Contact Center Analytics are the analysis of standard contact center metrics to identify trends, impacts, causes, and results. Contact centers regularly need to record, measure, and analyze different types of data.
The four most common contact center analytics consist of the following:
- Contact Center Analytics
- Customer Analytics
- Speech Analytics
- Predictive Analytics
Contact center team analytics measure the performance of agents and quality assurance personnel.

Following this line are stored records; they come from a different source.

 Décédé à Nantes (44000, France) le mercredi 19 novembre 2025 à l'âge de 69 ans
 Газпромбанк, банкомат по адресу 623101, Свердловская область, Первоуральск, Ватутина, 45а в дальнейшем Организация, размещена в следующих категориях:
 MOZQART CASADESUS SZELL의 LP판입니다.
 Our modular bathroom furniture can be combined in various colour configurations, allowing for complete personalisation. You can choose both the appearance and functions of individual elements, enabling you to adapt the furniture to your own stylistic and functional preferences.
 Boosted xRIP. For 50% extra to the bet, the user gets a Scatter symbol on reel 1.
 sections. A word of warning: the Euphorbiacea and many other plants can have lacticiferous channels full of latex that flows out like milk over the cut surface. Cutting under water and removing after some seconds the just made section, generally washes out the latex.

Internal contact center teams focus on different metrics that are relevant to the industry of their product or service.
For contact centers, common performance metrics for internal teams include:
- ASA = Average Speed of Answering
- FCR = First-Call Resolution
- AHT = Average Handle Time
- CSAT = Customer Satisfaction Score
- NPS = Net Promoter ScoreSM
- CES = Customer Effort Score
Customer analytics is the analysis of multiple customer-related data sources to identify customer trends, interaction opportunities, and to serve as a source for modeling.

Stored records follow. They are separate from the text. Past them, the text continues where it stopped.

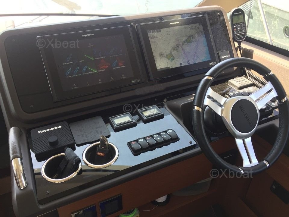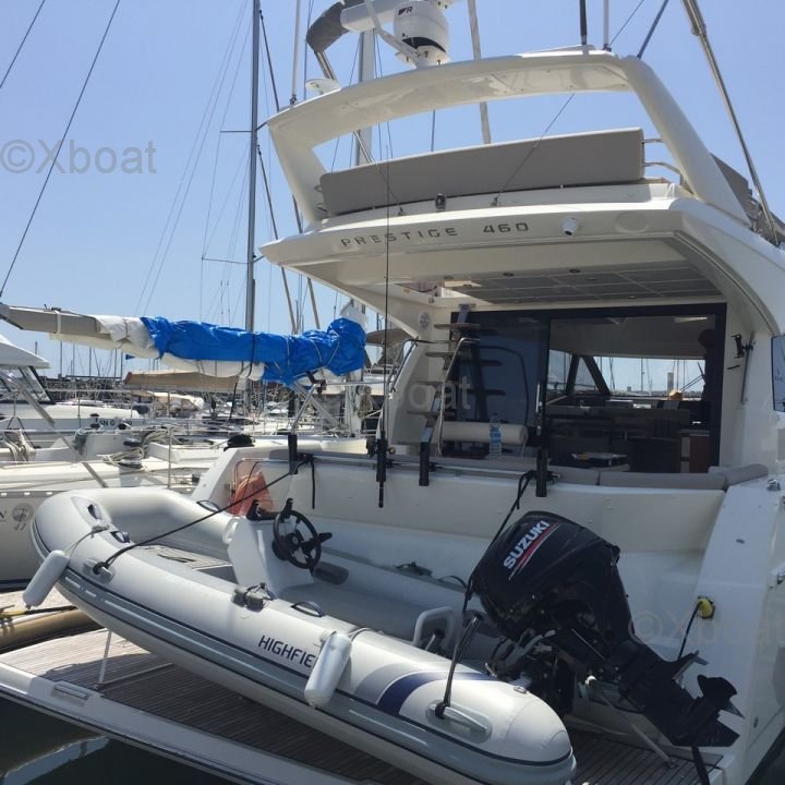 Electronics and equipment: The Prestige 460 Flybridge is equipped with modern navigation systems, including a GPS, sonar, radar, and an autopilot. It also features integrated entertainment systems, such as a hi-fi system and a television, for relaxing moments on board.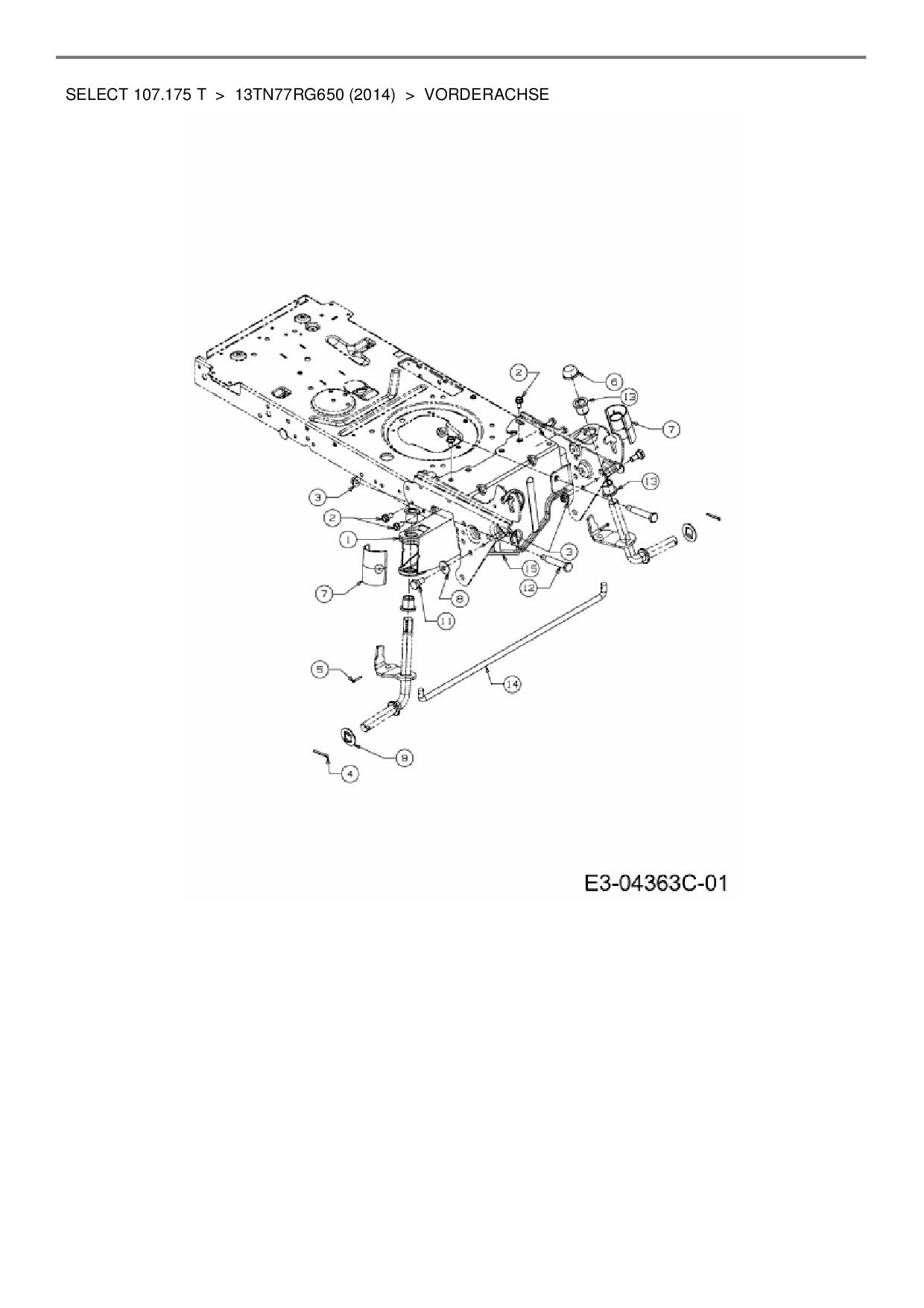 Ersatzteile für Rasentraktor Wolf-Garten Select 107.175 T aus der Zeichnung Vorderachse: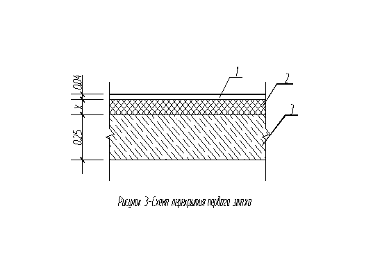 = 1/8,7+0,25/1,92 + X/0,052+ 0,04/0,76 + 1/23= 2,46 [3.6-(0,115+0,13 +0,052+0,043)]×0,052 = X X = (3,6-0,34)×0,052= 0,169 м dут = 17 см Для обеспечения требуемого по градусосуткам сопротивления теплопередаче R0 тр = 3,25 м2 ×0 С/Вт перекрытия по грунту, определяем его конструкцию и рассчитаем толщину утеплителя ( рис.3 ).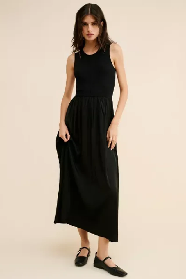 AFRM Jennan Ruched Sheer Mesh Tank Maxi Dress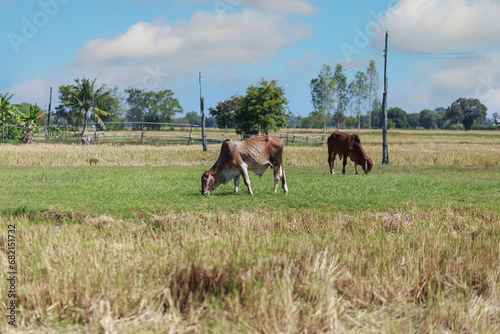 © Bankphotographer, Naklejka premium Little cow on the grass area of farmland.

Customer analytics can be historical or predictive. Data sources include the voice of the customer, behavior data, demographics, and purchase data.

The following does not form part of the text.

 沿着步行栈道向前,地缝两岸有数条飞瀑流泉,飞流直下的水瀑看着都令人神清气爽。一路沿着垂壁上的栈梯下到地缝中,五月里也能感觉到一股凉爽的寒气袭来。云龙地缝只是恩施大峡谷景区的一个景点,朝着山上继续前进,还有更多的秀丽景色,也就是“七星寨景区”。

Speech analytics are the analysis of transcribed voice and ingested text engagements, along with metadata including CRM (customer relationship management) and notes to identify trends, the voice of the customer insights, performance drivers, and other insights.
Advanced speech analytics are derived from both NLP (natural language processing) and NLU (natural language understanding) technologies.
Predictive analytics is the use of big data, artificial intelligence, advanced algorithms, and intuitive machine learning techniques to create predictions about future results based on historical data.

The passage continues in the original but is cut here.